You would think that since my mom had been taking geneology classes and conducting extensive research on her ancestral line for several years, I would have gathered a fact or two. She's traced her family up and down the East coast and as far back to the Mayflower, and presented each of us kids with a folder containing graphs and charts, and even a matrix (with a pop quiz at the end). But, I confess I never paid attention to it -- and frankly have misplaced it somewhere in my house -- because her family seemed quite dull. I ask you, would you care to read about a great aunt whose claim to fame was having perfect Sunday School attendance for 90 years?

Dad's family, on the other hand, was another story. While Mom's great aunt was garnering Sunday school merit badges, the story of Dad's great aunt was of her getting drunk off whiskey with her first cousin, and proceeding to shoot ice cubes up each others' skirts while sitting on the kitchen floor. Well, they were from Alabama, after all...and if you're from the South, you have at least one of those relatives. As my friend, Cheryl, puts it: "Every family has a skeleton in the closet, but we Southerners parade them out in front of everybody."

Despite Dad's interesting family lore, he knew little about his ancestral ties--as evidenced by the fact that we still have to remind him of his grandmother's first name (Della.)

Somehow I filled out the family tree, however, it looked somewhat drought-stricken. Clarisse said it was sufficient, but I think she just said that because she was growing tired of the whole process with me.

After that, all I had to do was Fed-X a vial of blood to Myriad Labs in Utah, the only lab in the U.S. that conducts BRCA gene testing. I was told I'd receive the results in three to four weeks. I also discovered that my insurance would pay for the testing, which is good since it's around $3,000...
My oncologist told me that if, in fact, I ended up carrying the gene, I would need to undergo a double mastectomy and a hysterectomy. Surprisingly, these prophylactic operations are much cheaper than cancer treatment, so insurance also tended to cover the cost of them.
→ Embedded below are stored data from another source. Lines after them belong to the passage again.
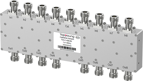 校准网络是一个多进多出的多通道无源器件,每个通道会耦合一定分量的信号到校准端口。校准网络可模拟 8 端口智能化天线在空气中传导,校准口的信号反馈给基站,该产品常用与 8 端口 RRU 在传导实验室中用来模拟天线的 CAL 反馈,以便于RRU能够正常输出载波。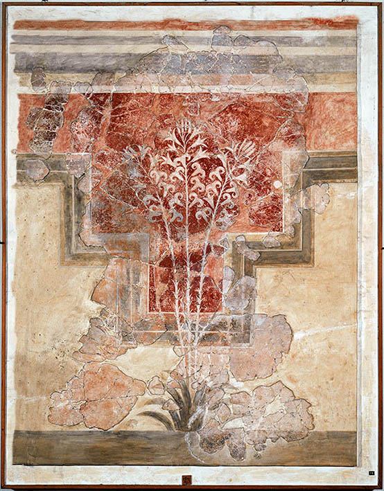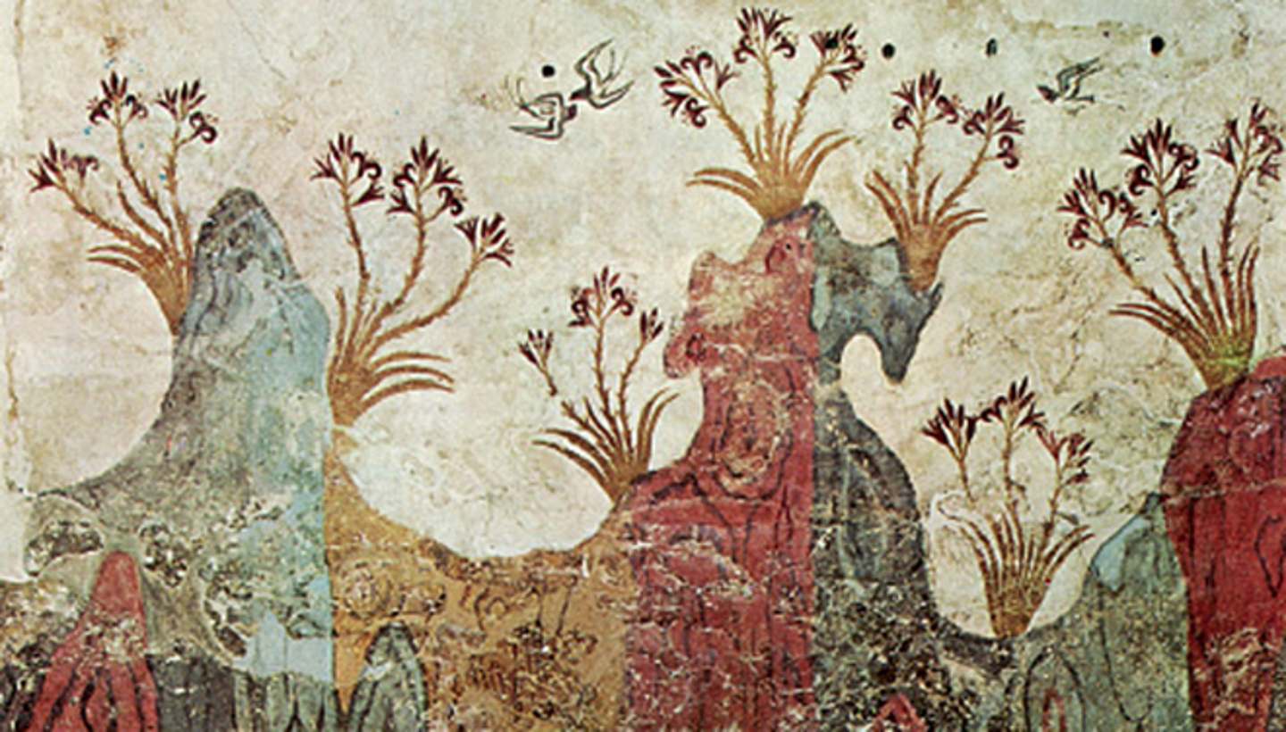 [3] Τοιχογραφία των κρίνων ή της άνοιξης. Τέλη Μεσοκυκλαδικής περιόδου, π. 1650 π.Χ. Θήρα, Ακρωτήρι(συγκρότημα Δ,δωμάτιο Δ2). Διαστάσεις 250 x260 εκ. Αθήνα, Εθνικό Αρχαιολογικό Μουσείο.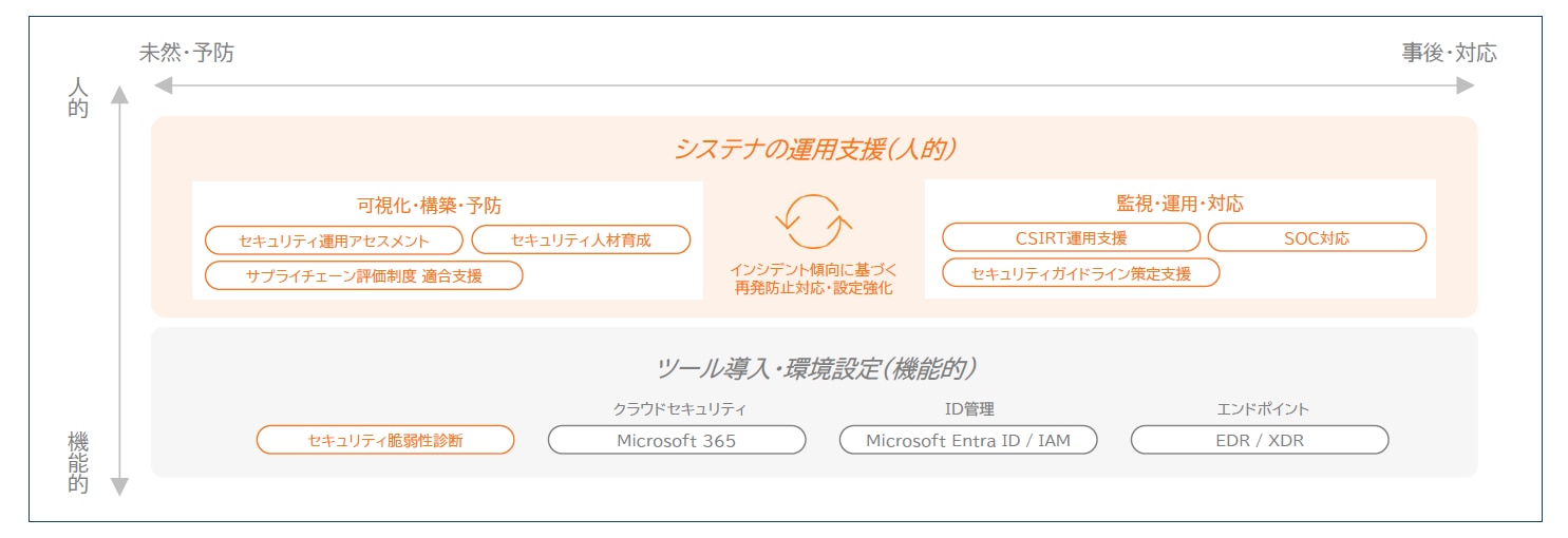 システナでは、攻撃の起点となる脆弱性を放置せず、「現状把握」からプラットフォーム診断やWebアプリ診断などの「詳細診断」、そして監視・出口対策や防御・運用強化などの「恒久的な対策」まで、段階的なアプローチでリスク排除します。

A few weeks passed and I didn't think much about the test since I was convinced I was not a "carrier." Then, late one Friday afternoon, Clarisse left a message on my home phone, which I didn't retrieve until I had arrived from work at 6 p.m. Her message stated that she had the results, but was leaving the office for the weekend and for me to call her on Monday.
Unfortunately, I was scheduled to fly to Buenos Aires the next day for a 2-week vacation...so my news would have to wait.
When I returned 2 weeks later, now Clarisse was away on her delayed honeymoon. Is it my imagination, or does it seem to take an Act of God or Act of Congress to get vital information when you need it?

While Clarisse was off honeymooning, my husband, Gary, and I attended a wedding with my parents. We were sitting around chit-chatting after the wedding, when Mom happened to mention that her two first cousins both died of breast cancer at very early ages. I stared at her, aghast, and said, "NOW you tell me!"

Mom didn't understand why I overreacted until I fessed up about being tested for the BRCA gene. All to say, with this new insight, I took this testing seriously and began to worry. And so did Mom.

The following Monday, I was finally able to track down Clarisse, who had just returned to the office. She politely asked if I calling from work or home. That she would inquire about my whereabouts gave me a clue that the news might not be good. "Home," I replied.

She proceeded to go through the test in a casual manner, telling me that I "passed" the initial testing. But before I could breathe a sigh of relief, she dropped the bomb. Additional testing revealed that I had an extra set of DNA on the BRCA1 gene. Extra set of DNA=a mutation.